I refer to this question - dask dataframe read parquet schema difference
But the metadata returned by Dask does not indicate any differences between the different dataframes. Here is my code, which parses the exception details to find mismatched dtypes. It finds none. There are up to 100 dataframes with 717 columns (each is ~100MB in size).
try:
df = dd.read_parquet(data_filenames, columns=list(cols_to_retrieve), engine='pyarrow')
except Exception as ex:
# Process the ex message to find the diff, this will break if dask change their error message
msgs = str(ex).split('\nvs\n')
cols1 = msgs[0].split('metadata')[0]
cols1 = cols1.split('was different. \n')[1]
cols2 = msgs[1].split('metadata')[0]
df1_err = pd.DataFrame([sub.split(":") for sub in cols1.splitlines()])
df1_err = df1_err.dropna()
df2_err = pd.DataFrame([sub.split(":") for sub in cols2.splitlines()])

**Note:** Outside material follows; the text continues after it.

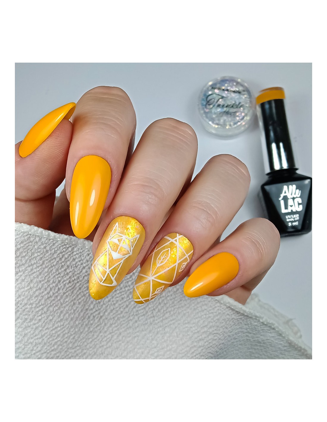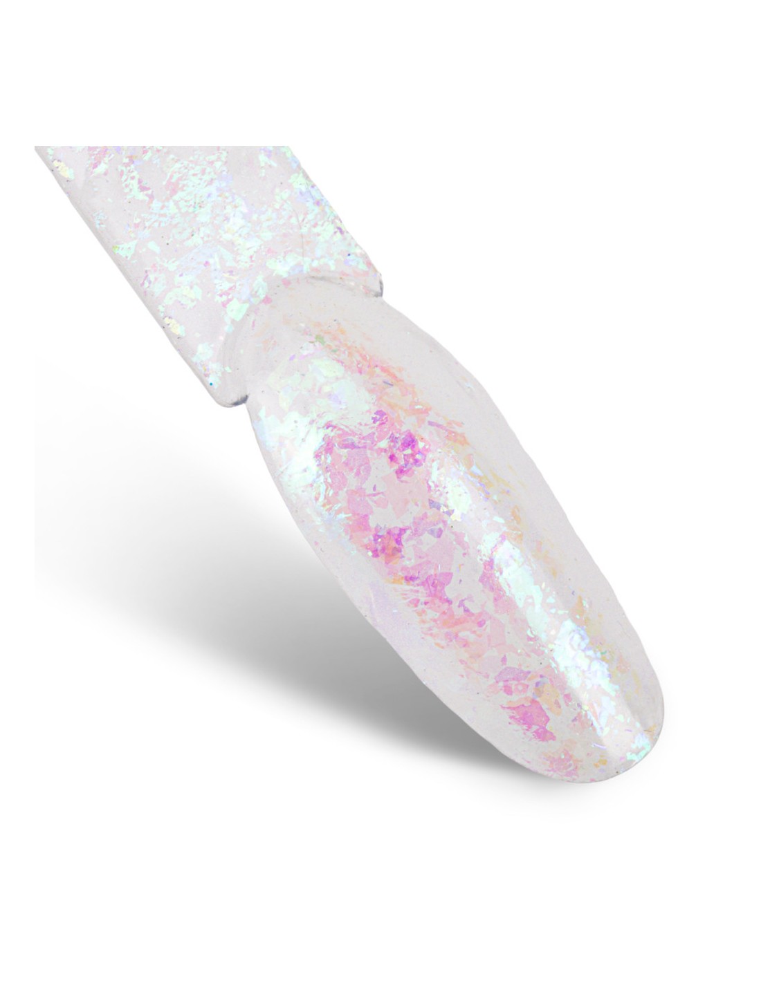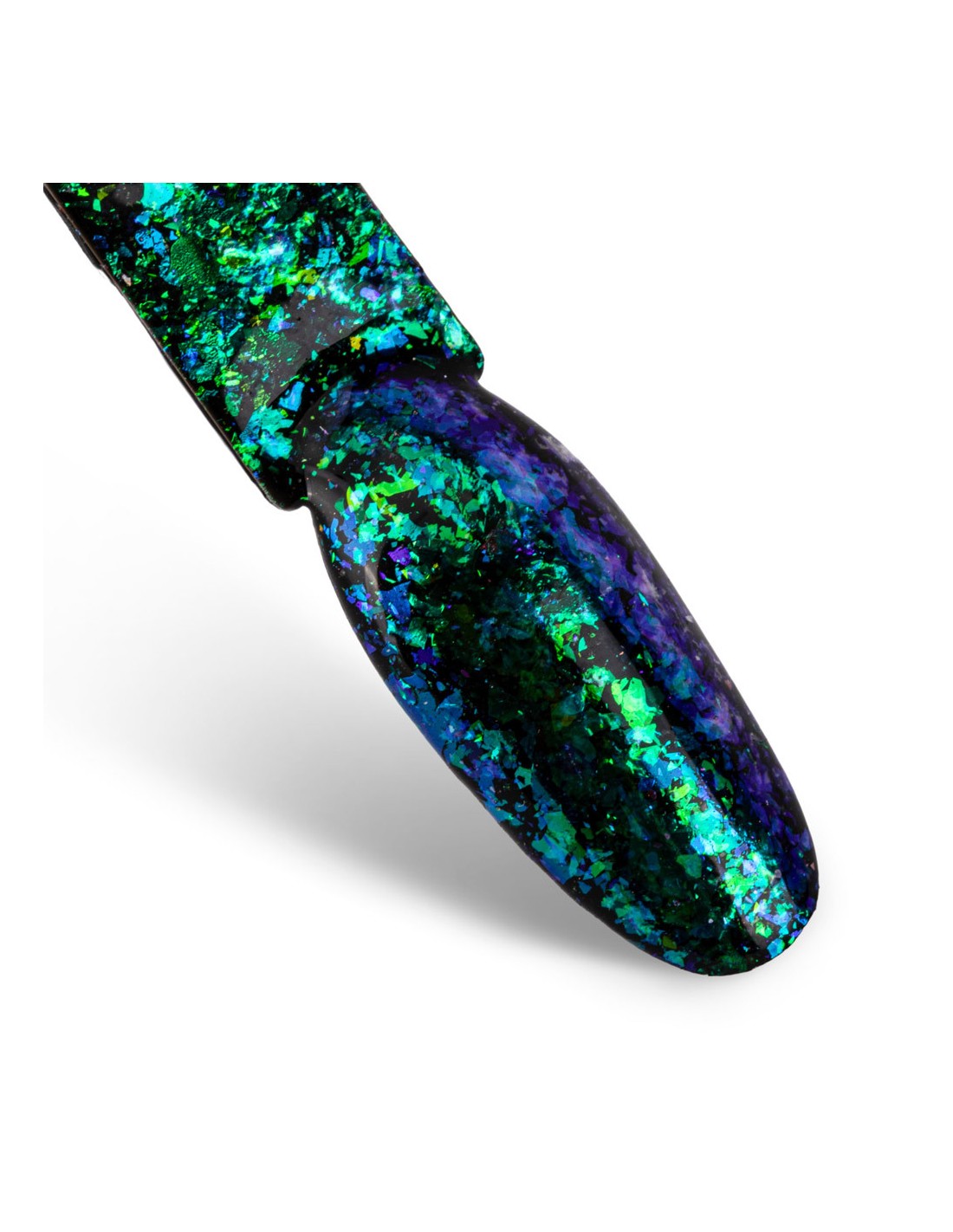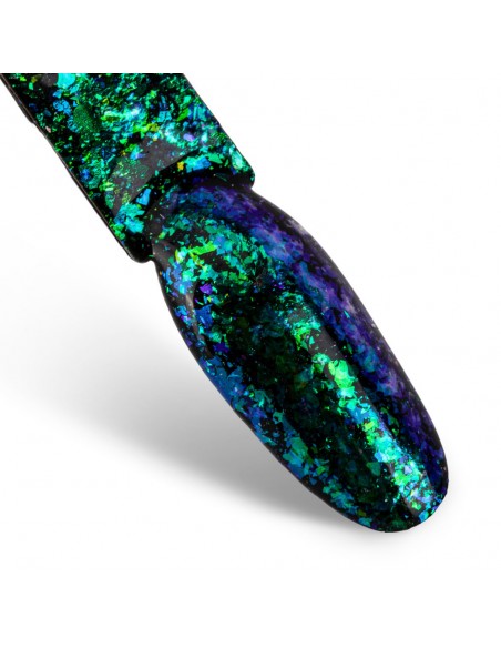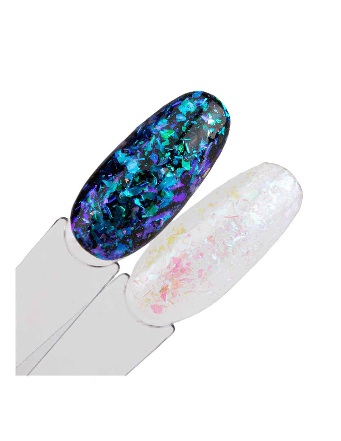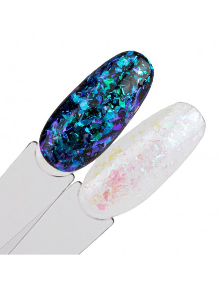 Vi anbefaler å bruke den til pastell- eller neonfarger, men flakene som brukes til mørke farger skaper en ekstremt skinnende og spektakulær effekt.

df2_err = df2_err.dropna()
df_err = pd.concat([df1_err, df2_err]).drop_duplicates(keep=False)
raise Exception('Mismatch dataframes - ' + str(df_err))
The exception I get back is:
'Mismatch dataframes - Empty DataFrame Columns: [0, 1] Index: []'
This error does not occur with fastparquet, but it is so slow that it is unusable.

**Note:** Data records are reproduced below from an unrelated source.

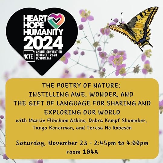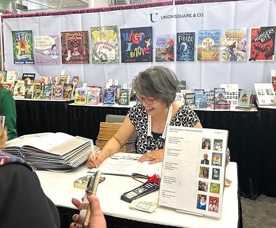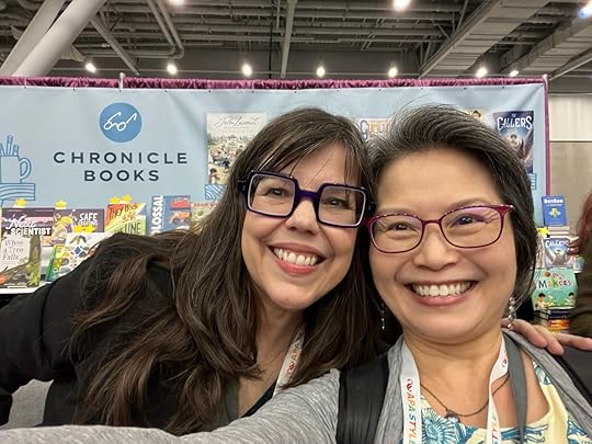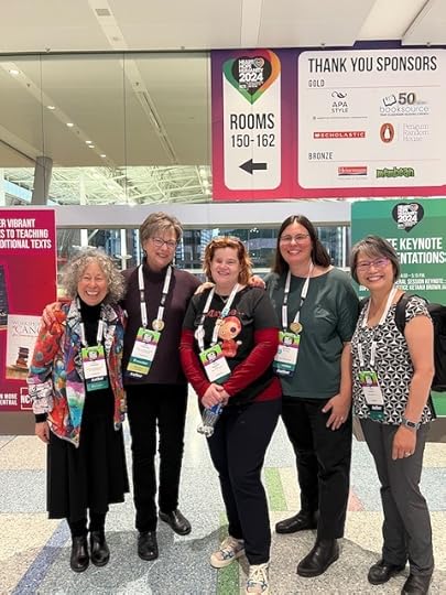 Last weekend was a whirlwind of activity at the National Council of Teachers of English conference. In addition to doing a book signing for Queen of Physics at the Union Square booth, I also presented at a panel on writing poetic nonfiction. For fun (as much fun as an introvert can have anyway), I attended a Candlewick Press author reception, met up with author/illustrator friends, online critique partners, and some editors, and ate some tasty seafood!
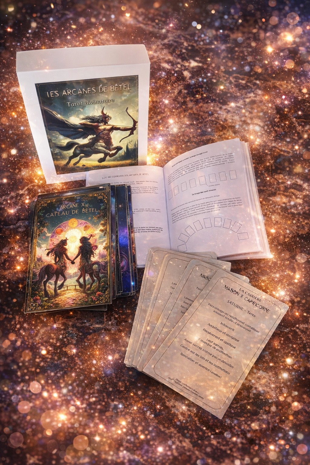 Ce Tarot divinatoire, Les Arcanes de Bétel, vous permettront l'accès à une dimension occultée de votre être qui favorise le dépassement de soi-même, la reconnexion à l'intime de soi, reconnexion à votre Divin.
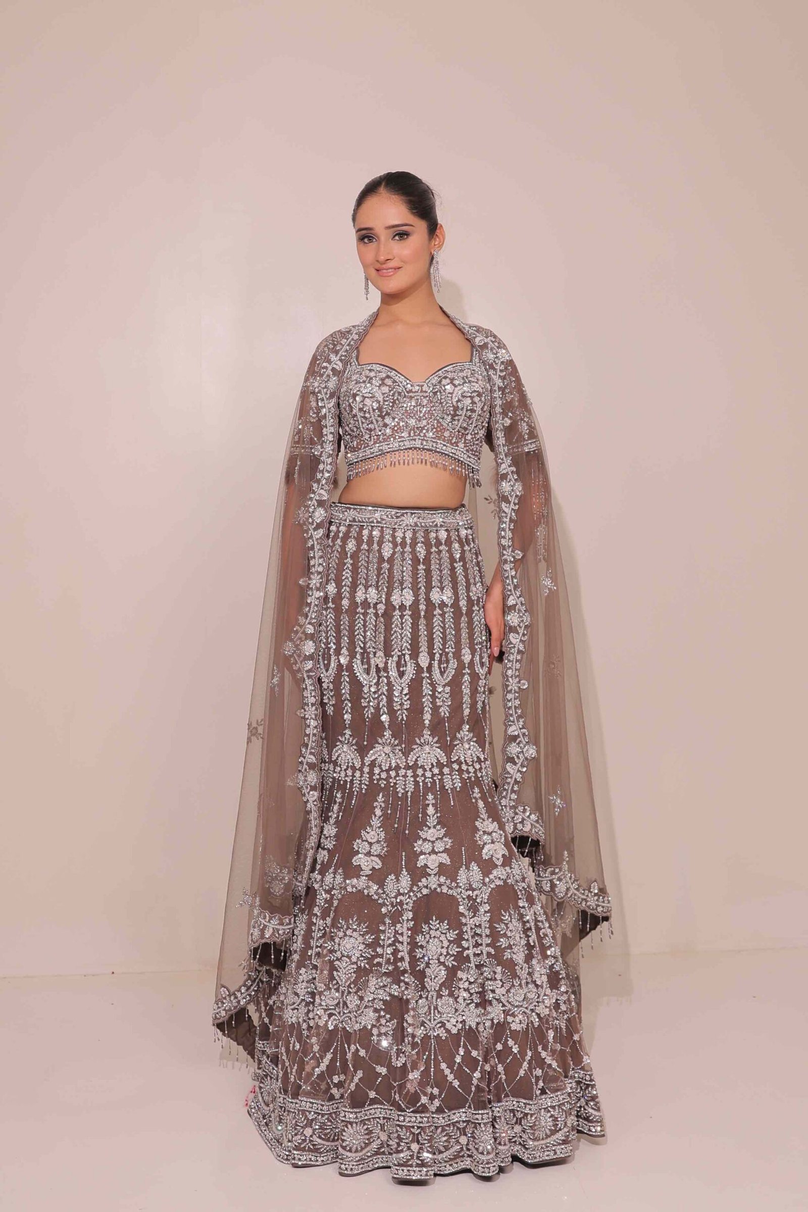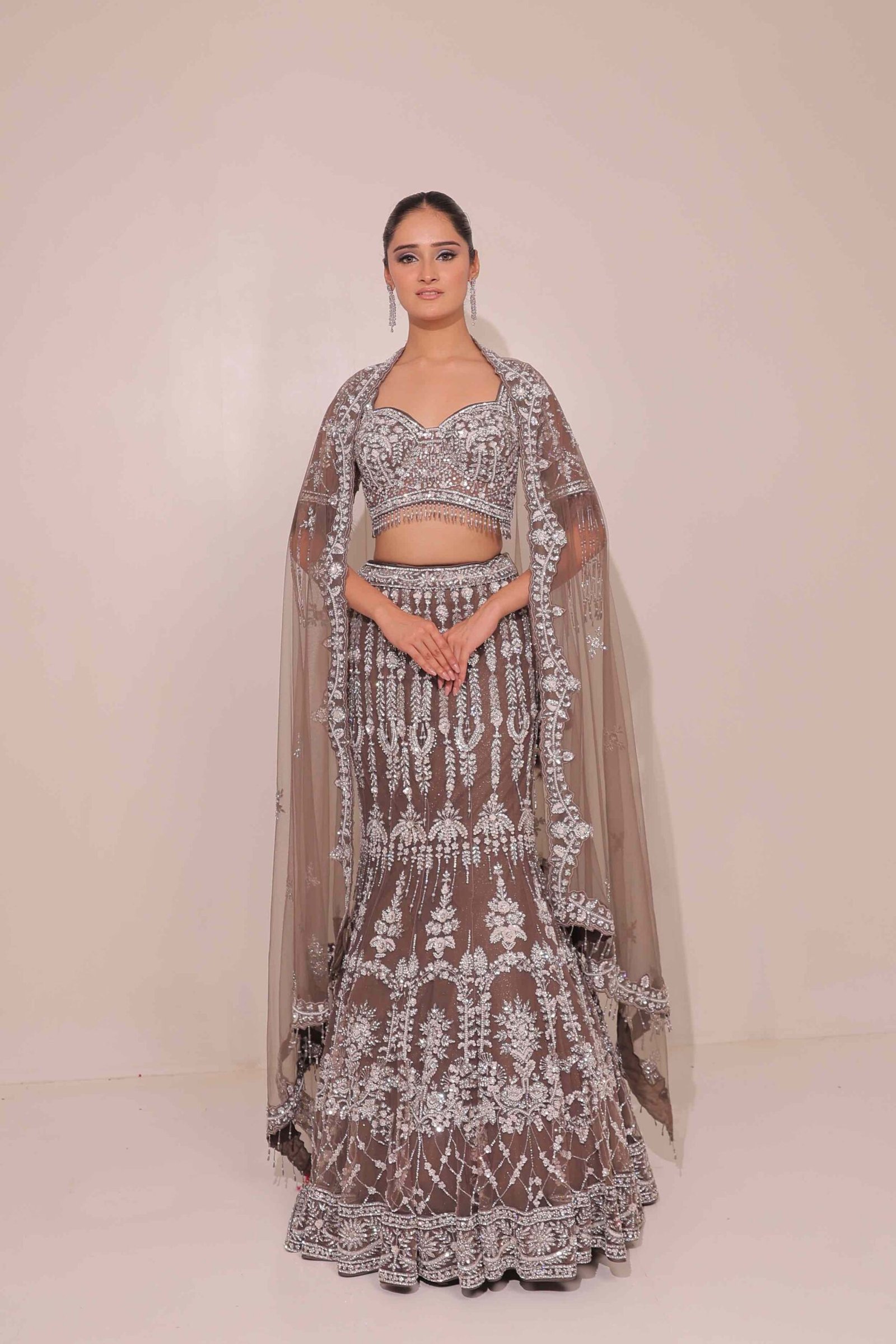 Earthy tones meet high-shine elegance in our Brown Fish-Cut Lehenga, designed for the modern muse who loves understated glamour.

I added this to the creation of the dataframes (using pandas to_parquet to save them) in an attempt to unify the dtypes by column
df_float = df.select_dtypes(include=['float16', 'float64'])
df = df.drop(df_float.columns, axis=1)
for col in df_float.columns:
df_float[col] = df_float.loc[:,col].astype('float32')
df = pd.concat([df, df_float], axis=1)
df_int = df.select_dtypes(include=['int8', 'int16', 'int32'])
try:
for col in df_int.columns:
df_int[col] = df_int.loc[:, col].astype('int64')
df = df.drop(df_int.columns, axis=1)
df = pd.concat([df, df_int], axis=1)
except ValueError as ve:
print('Error with upcasting - ' + str(ve))
This appears to work according to my above exception. But I cannot find out how the dataframes differ as the exception thrown by dask read_parquet does not tell me? Ideas on how to determine what it finds as different?